Biomimicry: The New Ethos/Mythos.

Posted on: No Comments

The discipline of ‘biomimicry’ takes its name from the Greek word ‘bios’, life and mimesis, which means to imitate.  “Learning to do what life has learned to do” and reminding ourselves of those geniuses in the Natural world, is the great task of the modern world, according to Janine Benyus, the grandmother of Biomimicry.  The practice of Biomimicry asks the question: How has nature already solved many of the problems human beings are now facing?

The story of Biomimicry may be the oldest story, dating back to our earliest Ancestors, 3.5 billion years ago, when life began.  Organisms which are billions of years old had to learn how to evolve and begin to solve the problems of survival, such as, desalinizing water (through the membranes of a certain kind of insect), using CO2 as a building block (the skin of a Galapagos basking shark), gathering the sun’s energy (plants and a whole host of organisms), gathering water from fog (bumps on the wing covers of flying insects), insulating electricity (the eel), reducing drag time (scalloped fins on certain sharks), and utilizing swarm technology to minimize peak power usage-(ants and bees).

The new Mythos of ecopsychology as well as ecosystems technologies are utilizing “Natures Operating Instructions” (Kenny Ausebel, founder of Bioneers), to learn to do what life has learned to do so beautifully.

There is an apparent link in depth psychology, to an understanding of our own instinctual natures.

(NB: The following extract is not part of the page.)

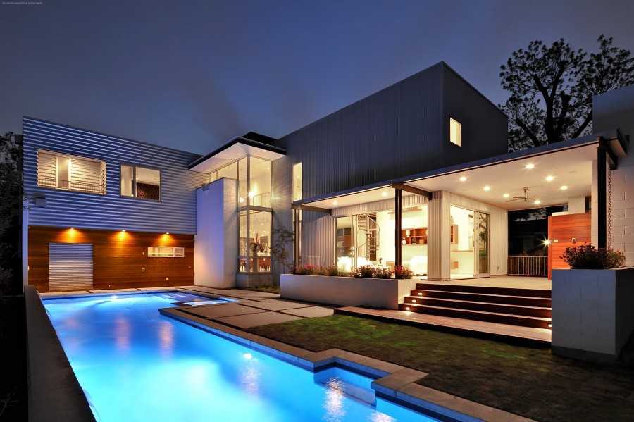 Первое, что характеризует такие дома – лаконичность. Такой эффект достигается благодаря использованию материалов с гладкой фактурой и блеском. К ним относятся бетонные конструкции, стекло и металл. Они хорошо между собой сочетаются, а особенно в отделке дома.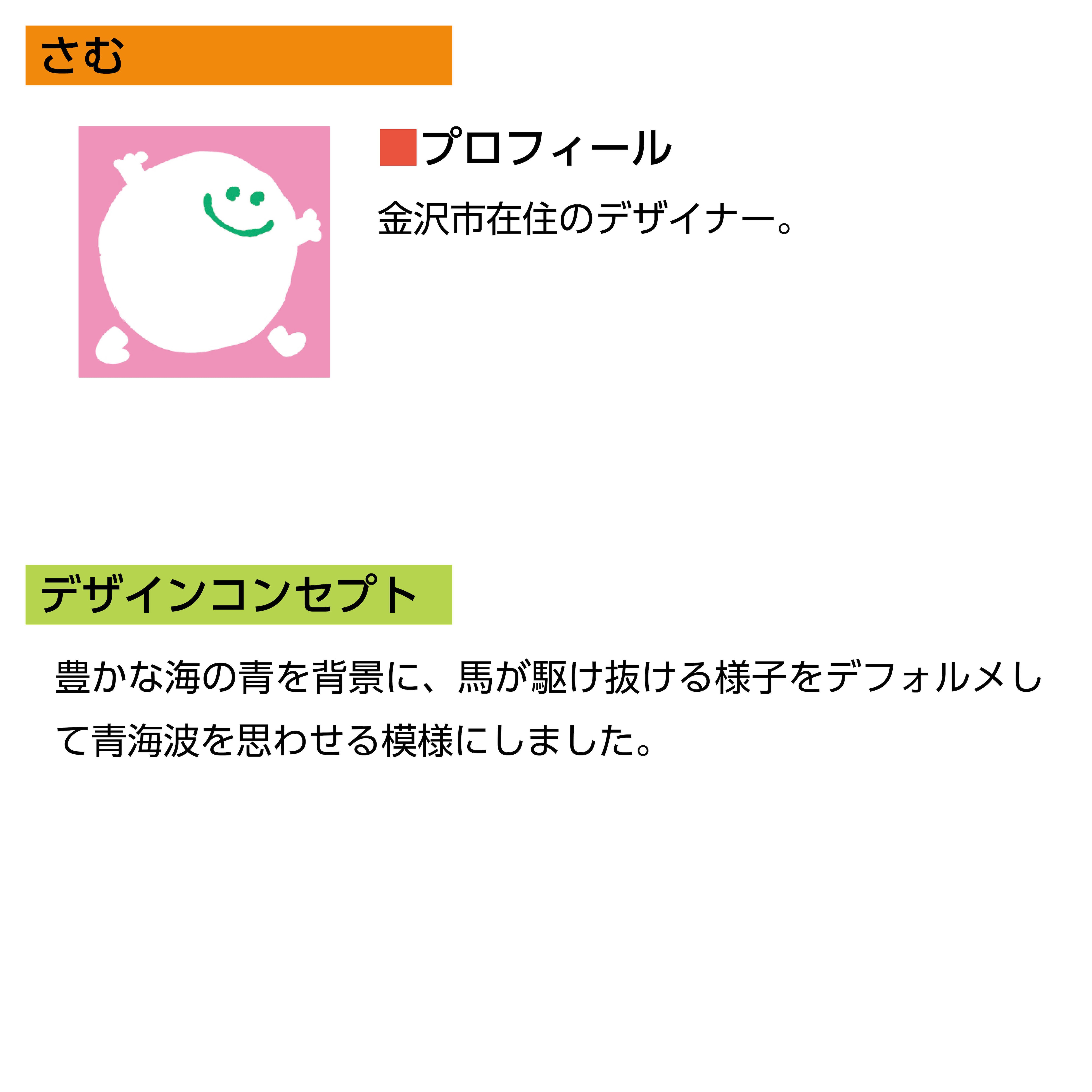 豊かな海の青を背景に、馬が駆け抜ける様子をデフォルメして青海波を思わせる模様にしました。

In “Man and his Symbols”, C.G. Jung wrote:  “Just as the human body represents a whole museum of organs, each with a long evolutionary history behind it, so we should expect to find that the mind is organized in a similar way. It can no more be a product without history than is the body in which it exists. By “history” I do not mean the fact that the mind builds itself up by conscious reference to the past through language and other cultural traditions. I am referring to the biological, prehistoric, and unconscious development of the mind in archaic man, whose psyche was still close to that of the animal.
This immensely old psyche forms the basis of our mind, just as much as the structure of our body is based on the general anatomical pattern of the mammal. The trained eye of the anatomist or the biologist finds many traces of this original pattern in our bodies.”

The nanotechnologies of the past and future are coming together, as we weave new technologies together  and with the the Earth’s ancient Elders.